I am having difficulty solving the above problem. My attempt at a solution relies on a convolution formula, which says that the $pdf$ of $Z=X+Y$, given the joint $pdf$ $f(x,y)$ is given by $$f_Z(z)= \int_{s+t=z} f(s,t)ds=\int_{-\infty}^{\infty} f(s,z-s)ds$$. So first note that $f(s,z-s)=\frac{1}{8}$ if $-2<s<2$ and $0<z-s<2$. Then note that $0<z-s<2$ is the same as $z-2<s<z$. But these regions depend on the value of $z$. Hence, $$\begin{equation} f_Z(z)= \begin{cases} \int_{-2}^{z} \frac{1}{8}ds, & \text{if}\ 0\leq z \leq2\\ \int_{z-2}^{2} \frac{1}{8}ds, & \text{if}\ 2<z\leq4 \end{cases} \end{equation}$$. After evaluating the integrals, I get

$$\begin{equation} f_Z(z)= \begin{cases} \frac{z-2}{8}, & \text{if}\ 0\leq z \leq2\\ \frac{4-z}{8}, & \text{if}\ 2<z\leq4 \end{cases} \end{equation}$$.

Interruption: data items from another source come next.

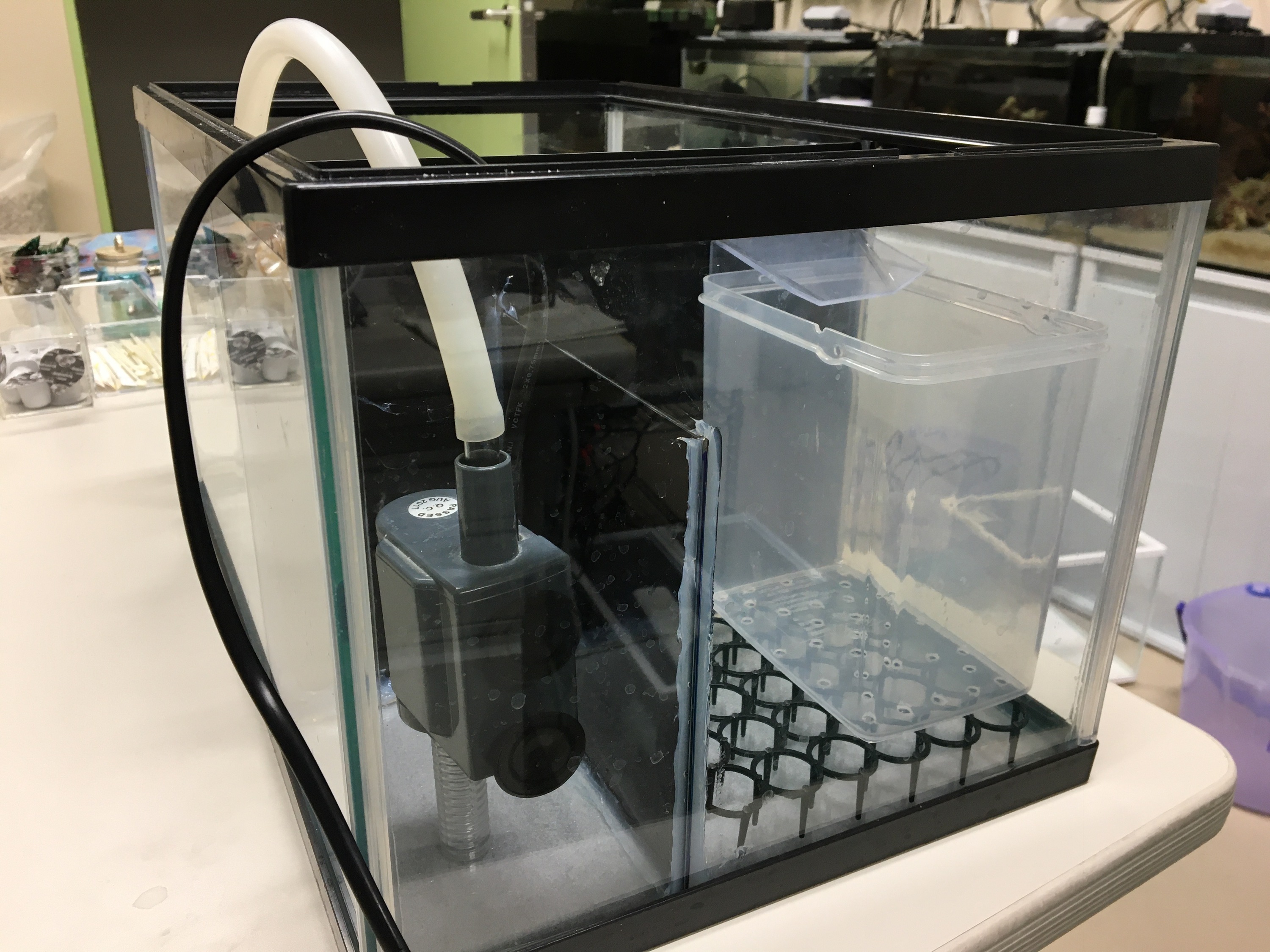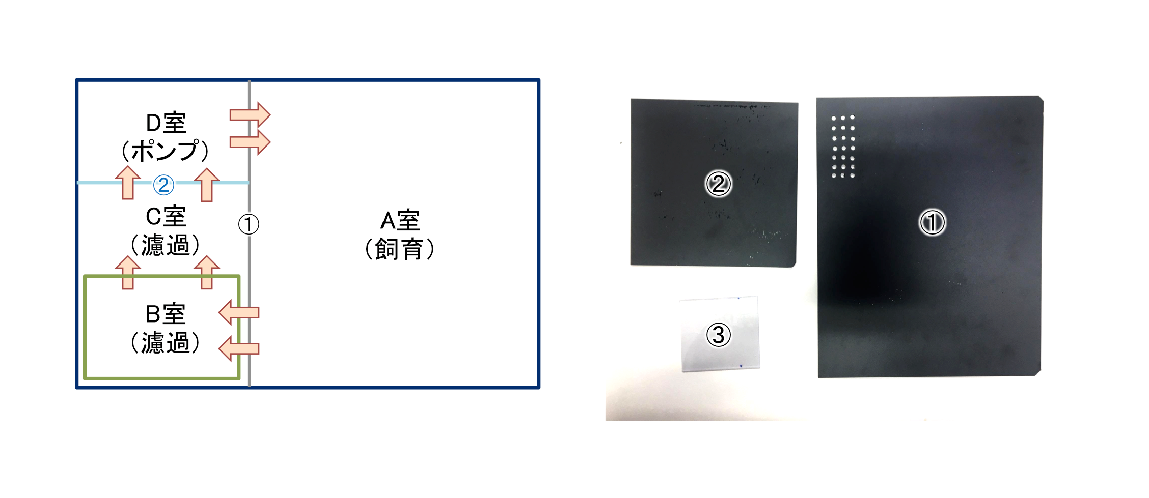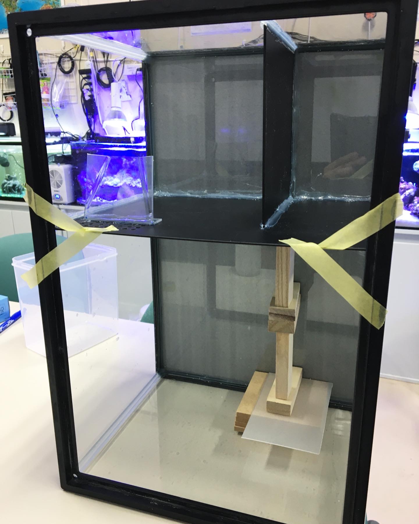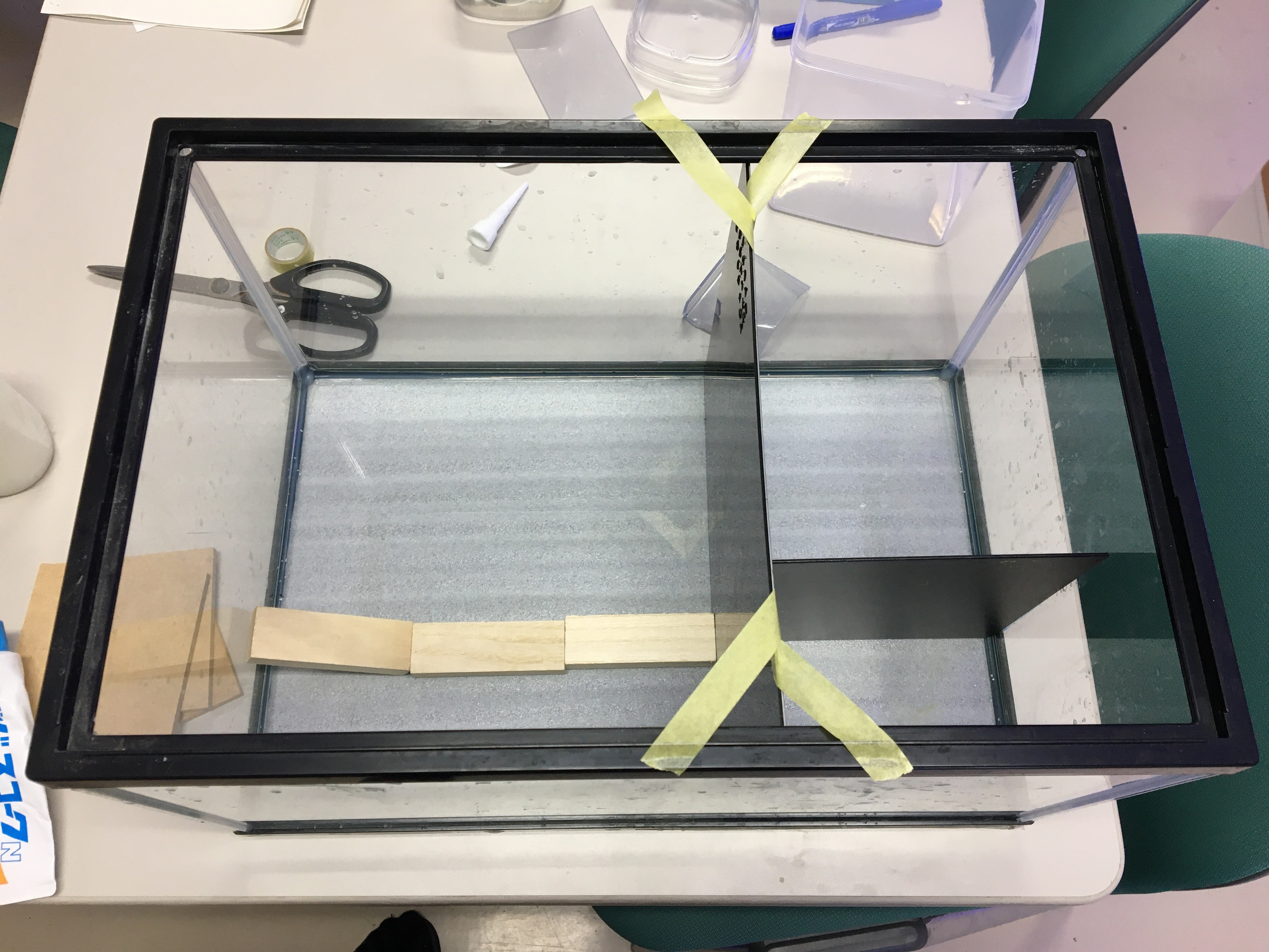 2. 完成した仕切り板を水槽内に設置し,接着剤で固定します(1週間程度,乾燥)。
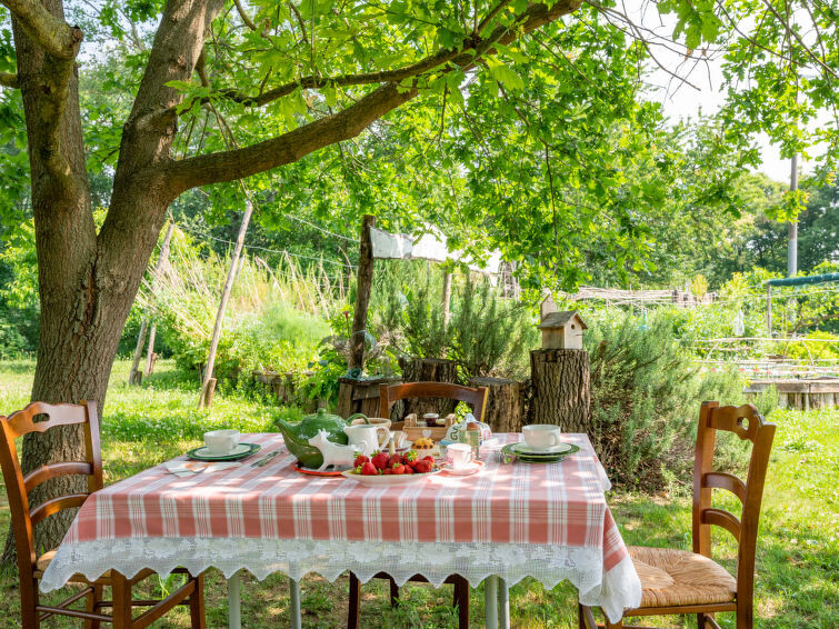 Cortiglione 20 km van Asti: Huis met 2 woningen "Ortondo B&B", omgeven door bomen, weiden en velden. In de wijk Cortiglione, 1 km van het centrum van Cortiglione, rustige, zonnige ligging op een heuvel, te midden van groen. Voor medegebruik: wild terrein 2.000 m2, tuin met planten en bomen, weide. Barbecue, parkeerplaats bij het huis op het terrein. Supermarkt 5 km, bushalte "Colla" 200 m, treinstation "Rocchetta Tanaro" 7 km, openluchtzwembad 4 km, overdekt zwembad 7 km. Auto noodzakelijk. Lokale verkoop van streekproducten. Eigenaar woont in apart huisgedeelte.
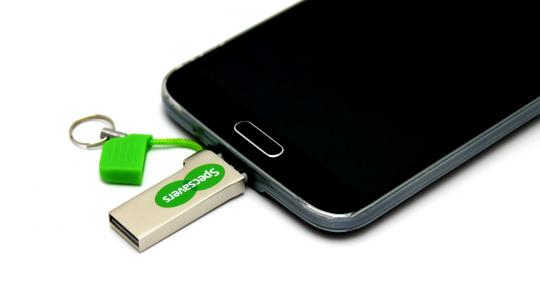 USB OTG steht für USB On-The-Go für Laptop, Notebook, Smartphone, Tablet und vieles mehr - ein USB-Stick mit zwei Anschlüssen - ebenfalls bedruckbar.
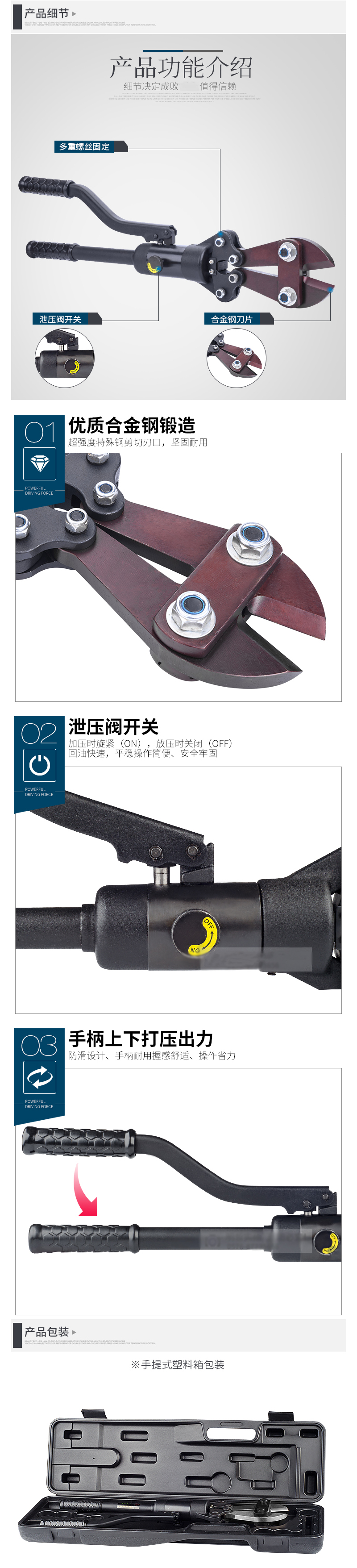 ·剪刀式刀头设计,使用更方便 ·双速装置在完成剪切过程中既省时又省力 ·刀片采用优质特种钢材经热处理加工而成 ·切割完成后,旋转泄压阀即可完成复位

I have solved similar problems like this one but all of them have been defined over the intervals $0<x<1$ and $0<y<1$. In this problem, however, we have the intervals $(-2,2)$ for $x$ and $(0,2)$ for $y$.I have graphed these regions but I have no intuition on how to divide it. Any help would be appreciated. Thanks.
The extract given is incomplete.